After this and Spring Breakers, it seems almost too obvious that Harmony Korine needs to add one final sun-soaked installment in an unconnected trilogy of bacchanalian bliss. He has a way of presenting a location’s best and worst traits (and people) side-by-side, making bad behavior and poor decisions look like the only ideas worth pursuit, giving his work a quirky charm that can’t be denied.
Matthew McConaughey defines the concept of being born to play a part here, absolutely owning every facet of Moondog, who is on screen (smoking weed and drinking) for almost every frame. He is a certified treat, albeit someone who seemingly can’t exist in real life, or at least not under these circumstances. Moondog is a poet with a rich wife, endless desires and the vibe of the coolest possibly homeless guy you know. For someone who matches the “fuck it” attitude of The Dude, he couldn’t act more differently. Perhaps they don’t have bowling in Florida.

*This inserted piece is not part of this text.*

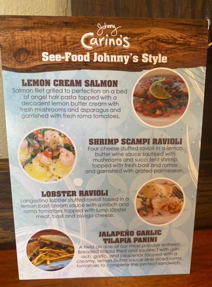 Johnny Carino’s has several “see-food” specials for a limited time.

The reat of the cast is up to the challenge of having as much fun as Moondog, with perfectly-cast spots for Isla Fisher, Snoop Dogg, Jimmy Buffet, Zac Efron and Martin Lawrence. Yes, you read all that right. No, I won’t go ibto any more detail. The situations Moondog finds himself in with these people are as funny as they are ridiculous, and that’s not a bad thing.
Where the script suffers is its unfocused meandering. There isn’t a lot of plot to grab onto, and while that may have been precisely Korine’s aim, you can’t help but wonder just what you’re doing with your life while watching it. Though, compared to Moondog, you’re probably doing alright. The viewer just casually floats through the story the same way Moondog floats through life, taking things as they come. Sure, he has a mission, but it’s easy to get distracted, between the beasts, drug use, hijinks, giggling and drug use.
Korinen and his DP Benoit Debie frame and loght the film gorgeously, and some of the shots really stand out, even amongst all the lavish surroundings. Everything is just awesome to observe, and the music that accompanies it makes it even better. Douglas Crise’s editing job sells the idea that all these repetitive, intoxicated moments would blend together in a mind like Moondog’s. Sometimes, a conversation is staged in two different locations with entirely different marks and it cuts back and forth between the two frequently. It’s effective at putting you into the protagonist’s mind…if that’s truly possible.
I think the film is saying something about excess and greed. Perhaps it’s a warning against taking life too seriously. Or maybe it’s just about getting high, having sex and enjoying a good poem. I’m not sure, but I’m okay with that.